:: Data entries ::
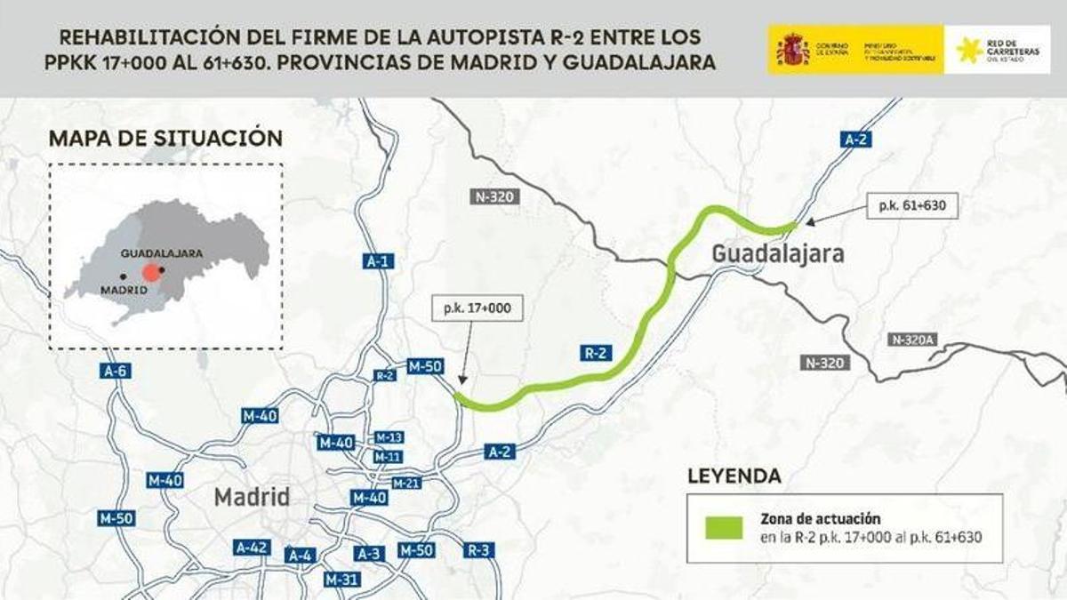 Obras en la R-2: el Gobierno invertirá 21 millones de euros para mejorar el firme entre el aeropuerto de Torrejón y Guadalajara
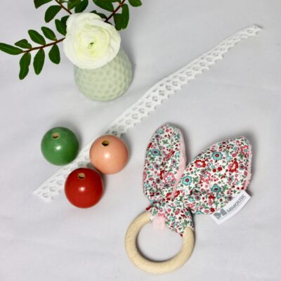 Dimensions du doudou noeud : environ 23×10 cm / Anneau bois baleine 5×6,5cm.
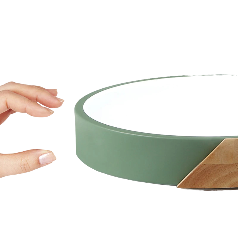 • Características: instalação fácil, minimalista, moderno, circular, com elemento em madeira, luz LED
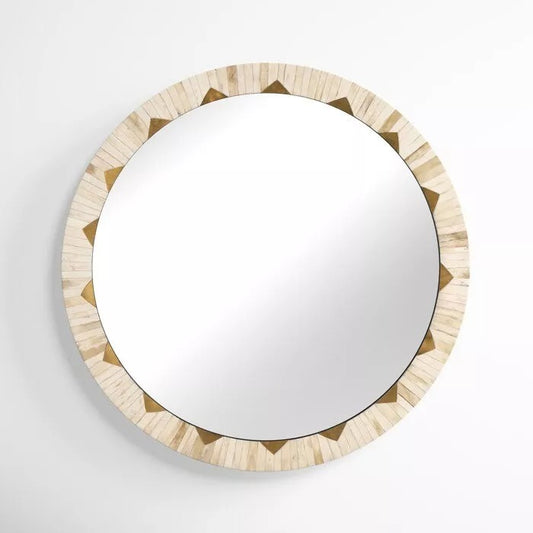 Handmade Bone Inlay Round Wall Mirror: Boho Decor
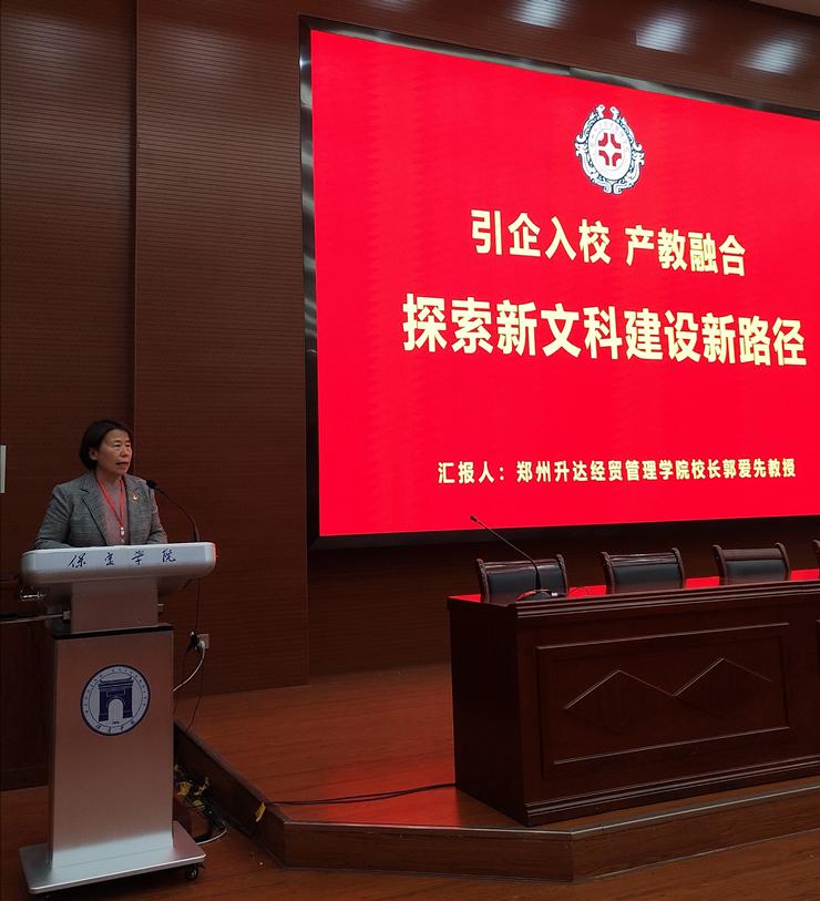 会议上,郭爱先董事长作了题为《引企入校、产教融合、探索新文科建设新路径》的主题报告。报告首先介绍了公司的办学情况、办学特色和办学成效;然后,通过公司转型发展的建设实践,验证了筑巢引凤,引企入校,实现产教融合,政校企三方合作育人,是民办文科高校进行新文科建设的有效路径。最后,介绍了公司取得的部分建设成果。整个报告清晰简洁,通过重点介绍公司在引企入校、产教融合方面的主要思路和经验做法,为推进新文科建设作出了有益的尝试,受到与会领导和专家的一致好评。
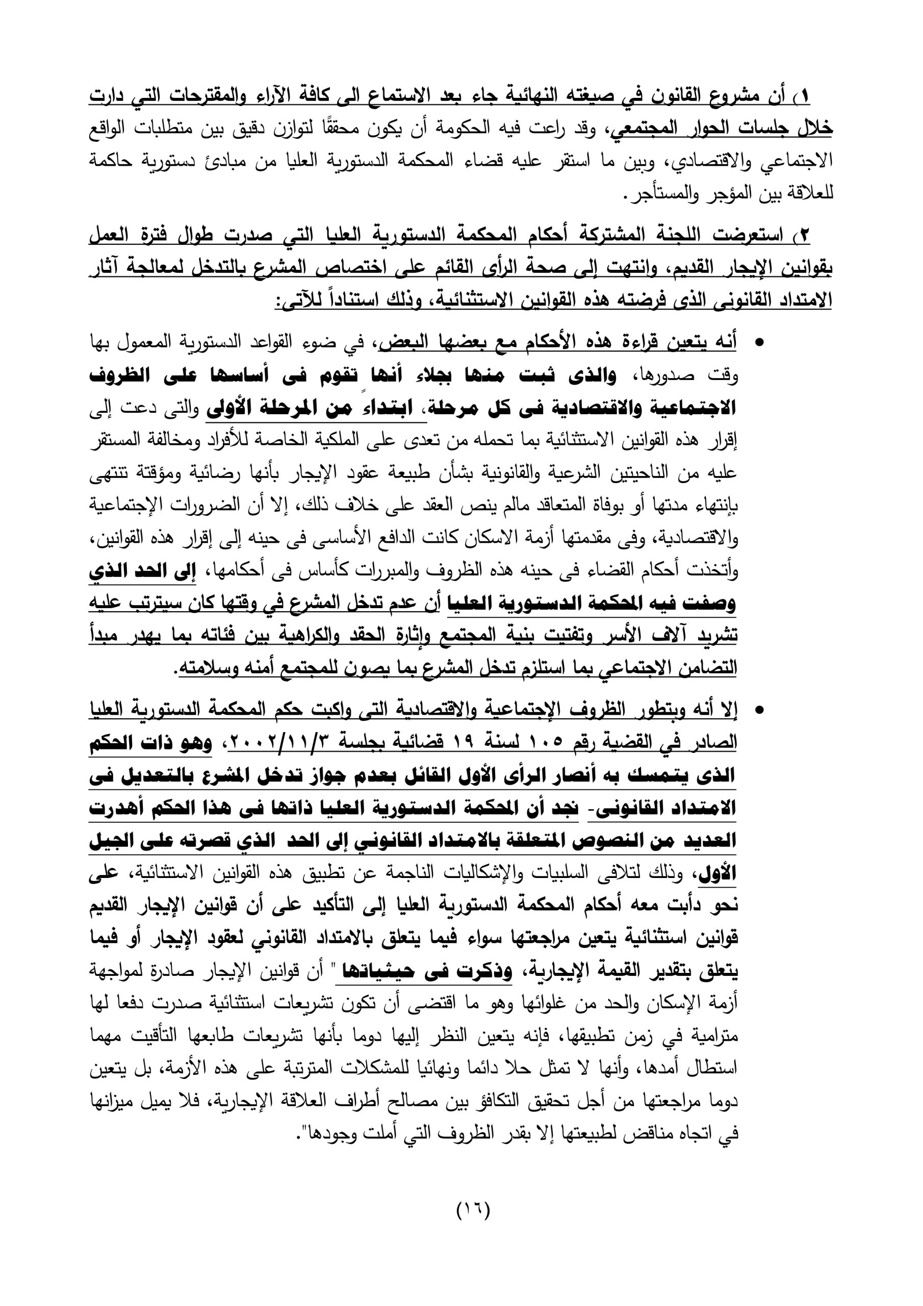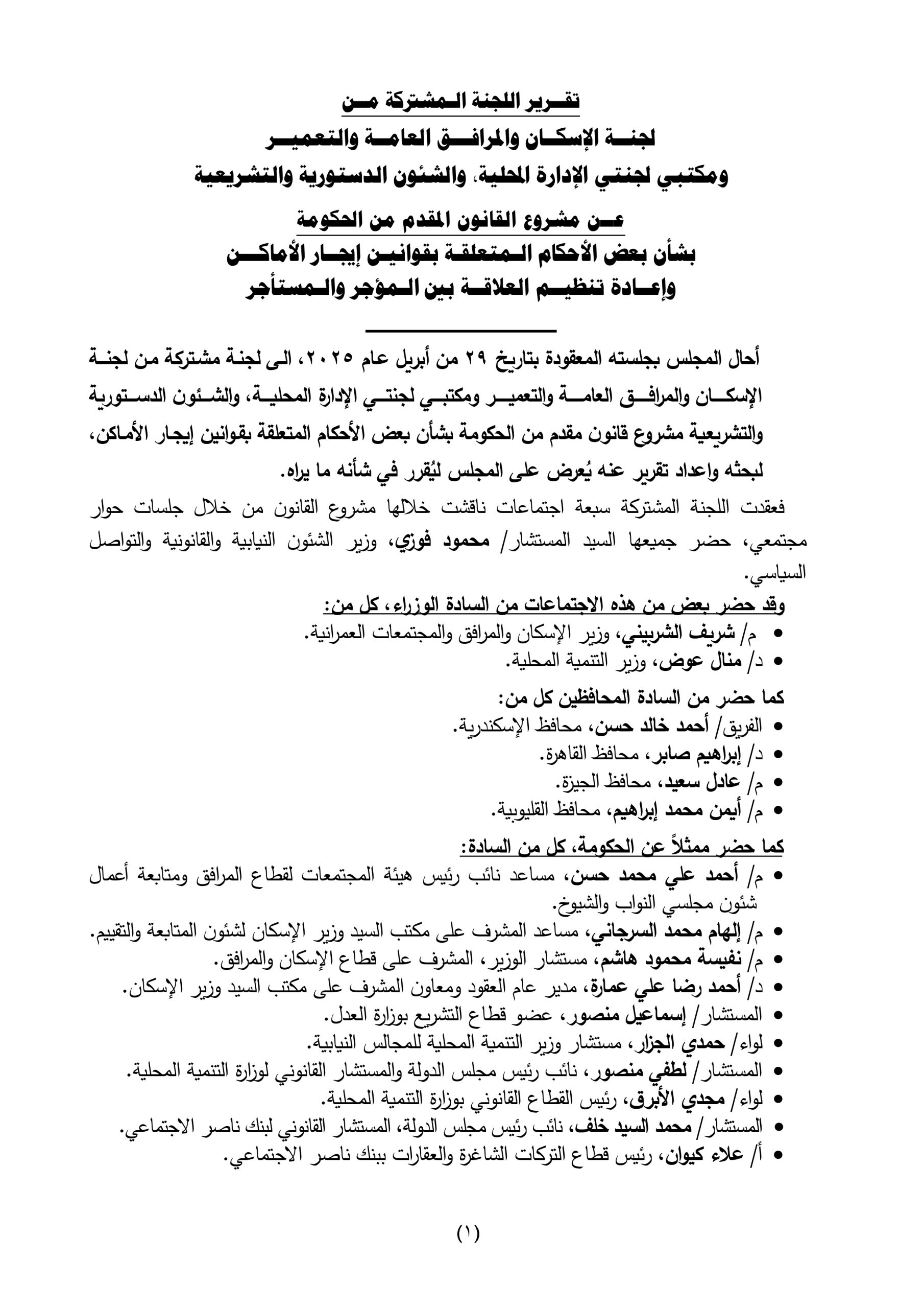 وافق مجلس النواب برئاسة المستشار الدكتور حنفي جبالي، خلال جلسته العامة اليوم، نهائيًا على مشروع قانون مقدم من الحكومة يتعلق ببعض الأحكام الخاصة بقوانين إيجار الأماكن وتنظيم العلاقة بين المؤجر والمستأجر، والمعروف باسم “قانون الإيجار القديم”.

:: Description of the task ::
From the line that contains "Dimensions du doudou" down to the last line of the entries above, copy every line exactly and leave out the pictures.

:: Answer to the exercise ::
 Dimensions du doudou noeud : environ 23×10 cm / Anneau bois baleine 5×6,5cm.
 • Características: instalação fácil, minimalista, moderno, circular, com elemento em madeira, luz LED
 Handmade Bone Inlay Round Wall Mirror: Boho Decor
 会议上,郭爱先董事长作了题为《引企入校、产教融合、探索新文科建设新路径》的主题报告。报告首先介绍了公司的办学情况、办学特色和办学成效;然后,通过公司转型发展的建设实践,验证了筑巢引凤,引企入校,实现产教融合,政校企三方合作育人,是民办文科高校进行新文科建设的有效路径。最后,介绍了公司取得的部分建设成果。整个报告清晰简洁,通过重点介绍公司在引企入校、产教融合方面的主要思路和经验做法,为推进新文科建设作出了有益的尝试,受到与会领导和专家的一致好评。
 وافق مجلس النواب برئاسة المستشار الدكتور حنفي جبالي، خلال جلسته العامة اليوم، نهائيًا على مشروع قانون مقدم من الحكومة يتعلق ببعض الأحكام الخاصة بقوانين إيجار الأماكن وتنظيم العلاقة بين المؤجر والمستأجر، والمعروف باسم “قانون الإيجار القديم”.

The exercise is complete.